Provided information Start Marker

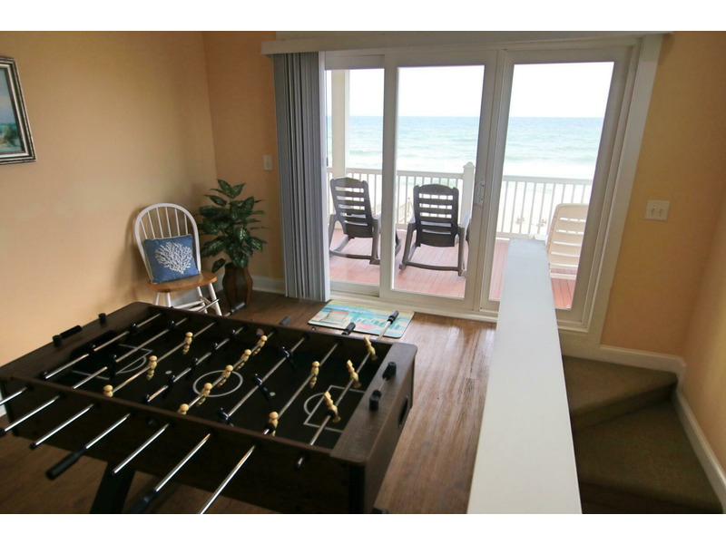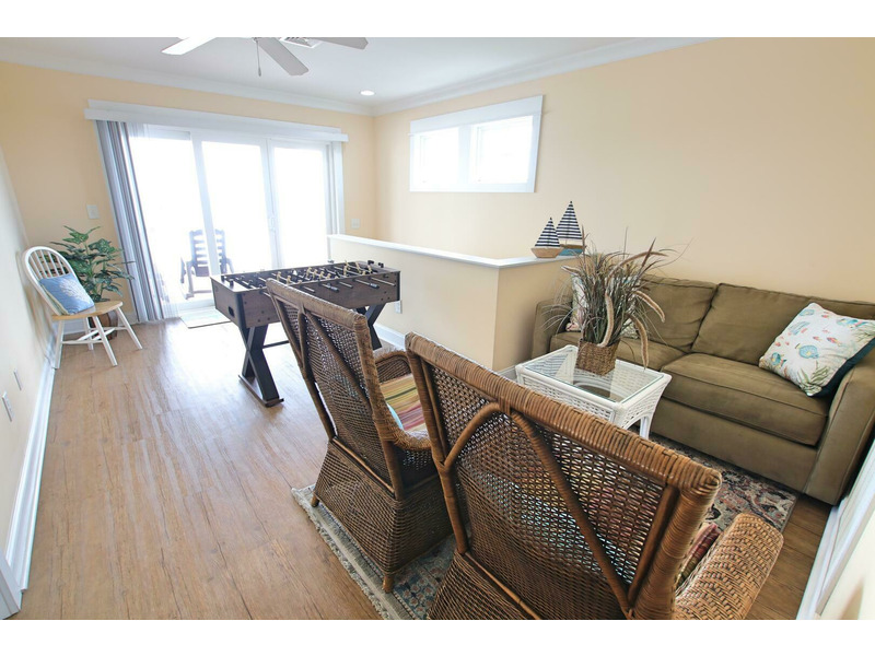 The upstairs sitting area is perfect for relaxing or entertaining, complete with a loveseat, a full-size sleeper sofa, and a foosball table for added fun.
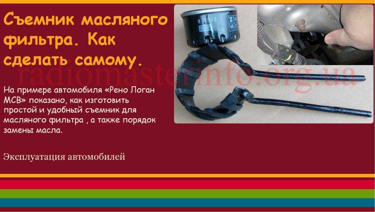 На примере автомобиля «Рено Логан» показано, как изготовить простой и удобный съемник для откручивания масляного фильтра в труднодоступном месте, а также порядок замены масла.
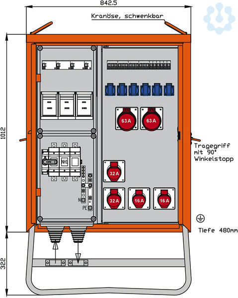 Einbauten bis einschließlich RCD-Schutzschalter im Isolierstoffgehäuse Schutzart: IP 44 Größe ca.: 1012 x 843 x 480mm / H-B-T
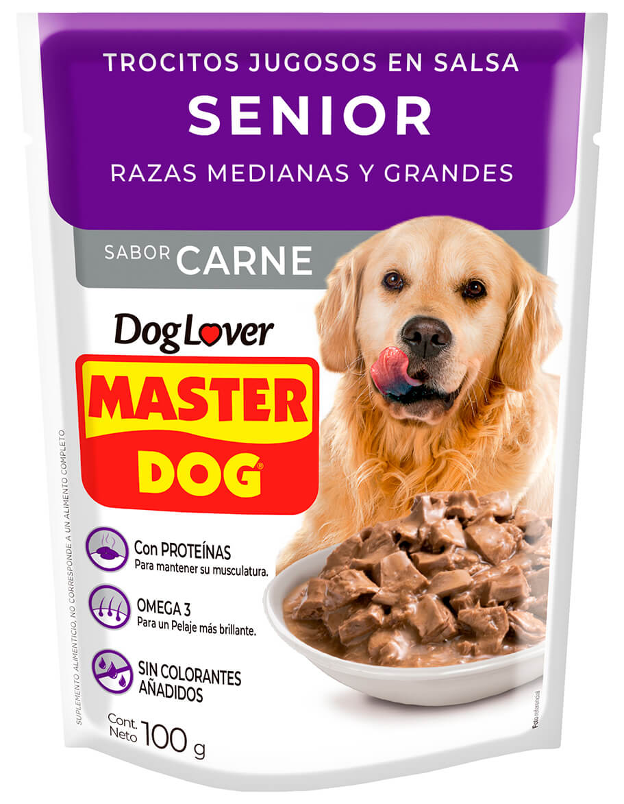 Master Dog contiene prebióticos para cada etapa de su vida, estos son sustancias inertes, que actúan como alimento para toda la flora intestinal benéfica del organismo de tu Master Dog y lo mantienen activo frente algún agente patógeno, listo para defenderlo.
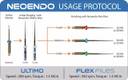 Ultimo Rotary Files are a special range of initial shaping instrument from Neoendo, providing better cutting efficiency and extended life because of special preheated NiTi material using a ultra-slow micro grinding process. Can be used in combination with Neoendo Flex Files by following the below-mentioned usage protocol -
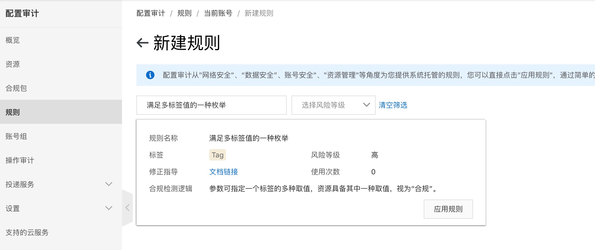 步骤二 在规则 -> 新建规则 -> 选择内置的一条规则模板(满足多标签值的一种枚举)
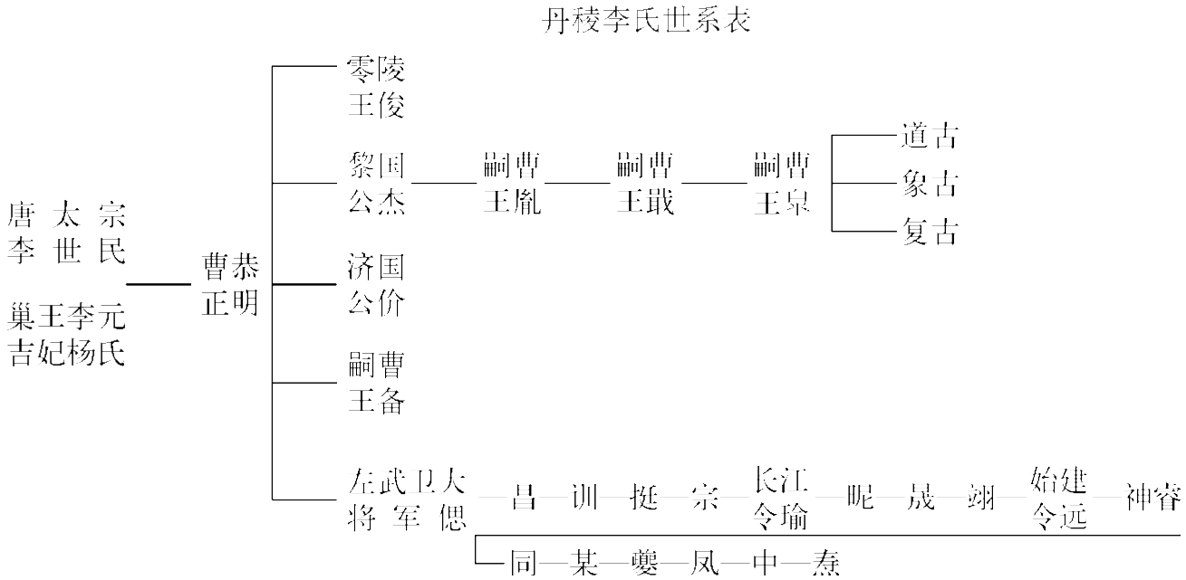 猷案:井研李氏世系不详,而丹稜李氏世系则有周必大所撰《李文简公神道碑铭》,《新唐书·宗室世系表》,《四川通志》,《眉州属志》,《丹楼县志》等书可资依据。然省志州志县志皆有不可不纠正之大误点二:一曰以李记为李臯之后,二曰系李瑜于天宝至德之间。夫李德为李明之季子,而李臯为李明之四世孙,据《唐书·宗室世系表》及诸王列传所载甚确,稍一检查即明,不审省志州志县志何以踵谬袭误至是?又以三十年为一世之标准计之,李瑜当生于唐文宗开成初年(公元八三六),即以二十五年为一世之标准计算,则李瑜亦当生于唐懿宗咸通初年(公元八六○),不知省州县志何以皆系瑜于天宝至德之间,相距凡百余年之久?案《唐书·宗室·曹王臯传》谓臯于天宝十一载嗣封,安禄山反,奉母逃民间,间走蜀,谒玄宗,由都水使者迁左领军将军,后累官至户部尚书,贞元八年卒。岂以李臯避安禄山之乱入蜀,与李偲避武后之害入蜀,混为一事耶?殊不知李臯虽曾一度入蜀,然终回长安,嗣王位,历高官。而李偲入蜀,则家于丹稜者也,故丹陵李氏为李偲之后,而非李臯之后,周必大撰《李文简公神道碑》,《唐书·宗室世系表》所载若可信,则省州县志所载皆误,故为订正如上表。
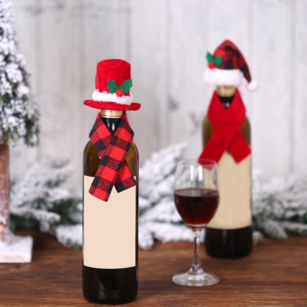1 x Bộ trang trí chai rượu Giáng sinh (4PCS) Bộ trang trí chai rượu Bộ chai rượu Nắp chai rượu Túi tay áo Bàn ăn tối Trang trí Giáng sinh Trang trí Giáng sinh Mũ Giáng sinh Khăn quàng cổ Xmas Quà tặng Đồ dùng cho bữa tiệc Năm mới Chất lượng cao
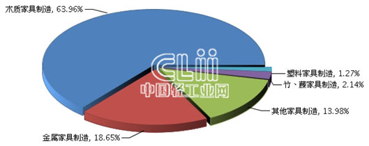 图4 2015年1~11月家具子行业规模以上企业累计主营业务收入占比情况
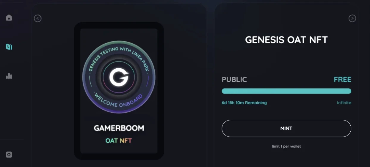 首先,打开 GamerBoom,点击「Yes,Lets $Boom」钱包确认,然后输入邮箱,填写验证码,输入个人基本信息(名字、头像、密码)就可以完成验证。 最后,Mint 一个免费的 OAT,钱包确认即可。
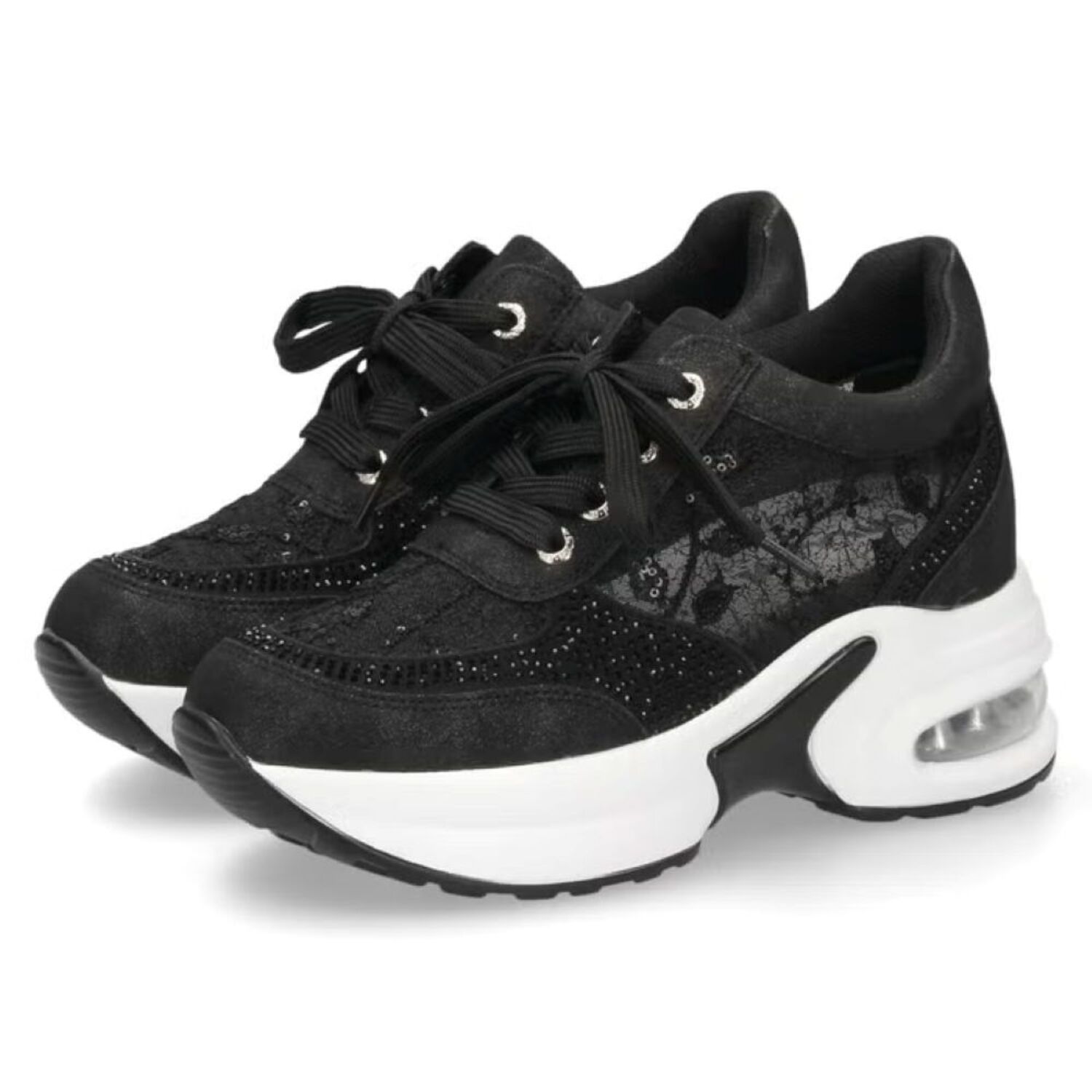 スポーティーなエアソールに、繊細なチュールレースを組み合わせスニーカー。
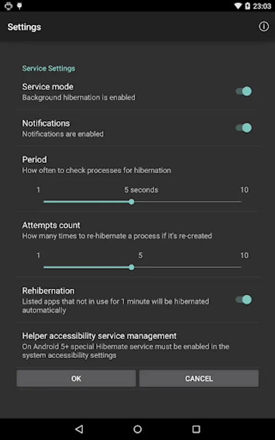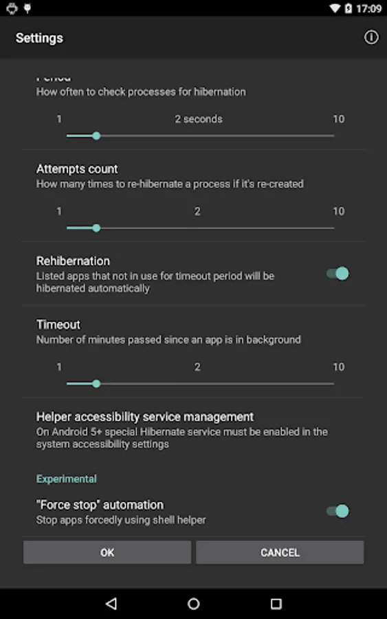 WARNING! On Android 5+ active tasks can not be monitored anymore by system design. As a workaround, Hibernate does now provide a special accessibility service, which must be enabled manually by user in the system Accessibility settings. Without this hibernation service will not function properly on Android 5+.
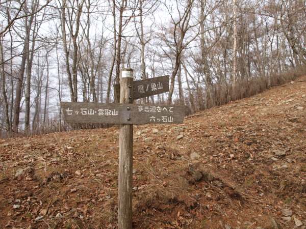T字路で右が巻き道・峰谷方面、左が高丸山方面。
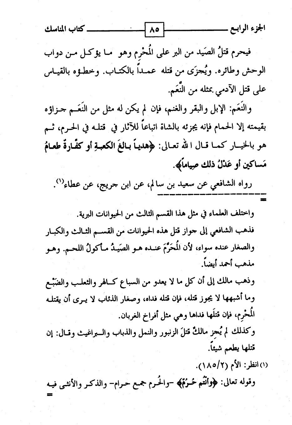 فيحرم قتلُ الصَيد من البر على المُحْرِم وهو ما يؤكل من دواب الوحش وطائره . ويُجزَى من قتله عمداً بالكتاب . وخطؤه بالقياس على قتل الآدمي بمثله من النَّعَم . والنَعَم : الإبل والبقر والغنم ، فإن لم يكن له مثل من النَعَم جزاؤه بقيمته إلا الحمام فإنه يجزئه بالشاة اتباعاً للآثار في قتله في الحرم ، ثم هو بالخيار كما قال الله تعالى : ! ( هديا بالغ الكعبة أو كفارة طعام مساكين أو عدل ذلك صياما ) ! . رواه الشافعي عن سعيد بن سالم ، عن ابن جريج ، عن عطاء ( 1 ) .

Provided information End Marker

▶ About this exercise
Give every entry again word for word; no images belong in the copy.

▶ Solution to the exercise
 The upstairs sitting area is perfect for relaxing or entertaining, complete with a loveseat, a full-size sleeper sofa, and a foosball table for added fun.
 На примере автомобиля «Рено Логан» показано, как изготовить простой и удобный съемник для откручивания масляного фильтра в труднодоступном месте, а также порядок замены масла.
 Einbauten bis einschließlich RCD-Schutzschalter im Isolierstoffgehäuse Schutzart: IP 44 Größe ca.: 1012 x 843 x 480mm / H-B-T
 Master Dog contiene prebióticos para cada etapa de su vida, estos son sustancias inertes, que actúan como alimento para toda la flora intestinal benéfica del organismo de tu Master Dog y lo mantienen activo frente algún agente patógeno, listo para defenderlo.
 Ultimo Rotary Files are a special range of initial shaping instrument from Neoendo, providing better cutting efficiency and extended life because of special preheated NiTi material using a ultra-slow micro grinding process. Can be used in combination with Neoendo Flex Files by following the below-mentioned usage protocol -
 步骤二 在规则 -> 新建规则 -> 选择内置的一条规则模板(满足多标签值的一种枚举)
 猷案:井研李氏世系不详,而丹稜李氏世系则有周必大所撰《李文简公神道碑铭》,《新唐书·宗室世系表》,《四川通志》,《眉州属志》,《丹楼县志》等书可资依据。然省志州志县志皆有不可不纠正之大误点二:一曰以李记为李臯之后,二曰系李瑜于天宝至德之间。夫李德为李明之季子,而李臯为李明之四世孙,据《唐书·宗室世系表》及诸王列传所载甚确,稍一检查即明,不审省志州志县志何以踵谬袭误至是?又以三十年为一世之标准计之,李瑜当生于唐文宗开成初年(公元八三六),即以二十五年为一世之标准计算,则李瑜亦当生于唐懿宗咸通初年(公元八六○),不知省州县志何以皆系瑜于天宝至德之间,相距凡百余年之久?案《唐书·宗室·曹王臯传》谓臯于天宝十一载嗣封,安禄山反,奉母逃民间,间走蜀,谒玄宗,由都水使者迁左领军将军,后累官至户部尚书,贞元八年卒。岂以李臯避安禄山之乱入蜀,与李偲避武后之害入蜀,混为一事耶?殊不知李臯虽曾一度入蜀,然终回长安,嗣王位,历高官。而李偲入蜀,则家于丹稜者也,故丹陵李氏为李偲之后,而非李臯之后,周必大撰《李文简公神道碑》,《唐书·宗室世系表》所载若可信,则省州县志所载皆误,故为订正如上表。
1 x Bộ trang trí chai rượu Giáng sinh (4PCS) Bộ trang trí chai rượu Bộ chai rượu Nắp chai rượu Túi tay áo Bàn ăn tối Trang trí Giáng sinh Trang trí Giáng sinh Mũ Giáng sinh Khăn quàng cổ Xmas Quà tặng Đồ dùng cho bữa tiệc Năm mới Chất lượng cao
 图4 2015年1~11月家具子行业规模以上企业累计主营业务收入占比情况
 首先,打开 GamerBoom,点击「Yes,Lets $Boom」钱包确认,然后输入邮箱,填写验证码,输入个人基本信息(名字、头像、密码)就可以完成验证。 最后,Mint 一个免费的 OAT,钱包确认即可。
 スポーティーなエアソールに、繊細なチュールレースを組み合わせスニーカー。
 WARNING! On Android 5+ active tasks can not be monitored anymore by system design. As a workaround, Hibernate does now provide a special accessibility service, which must be enabled manually by user in the system Accessibility settings. Without this hibernation service will not function properly on Android 5+.
T字路で右が巻き道・峰谷方面、左が高丸山方面。
 فيحرم قتلُ الصَيد من البر على المُحْرِم وهو ما يؤكل من دواب الوحش وطائره . ويُجزَى من قتله عمداً بالكتاب . وخطؤه بالقياس على قتل الآدمي بمثله من النَّعَم . والنَعَم : الإبل والبقر والغنم ، فإن لم يكن له مثل من النَعَم جزاؤه بقيمته إلا الحمام فإنه يجزئه بالشاة اتباعاً للآثار في قتله في الحرم ، ثم هو بالخيار كما قال الله تعالى : ! ( هديا بالغ الكعبة أو كفارة طعام مساكين أو عدل ذلك صياما ) ! . رواه الشافعي عن سعيد بن سالم ، عن ابن جريج ، عن عطاء ( 1 ) .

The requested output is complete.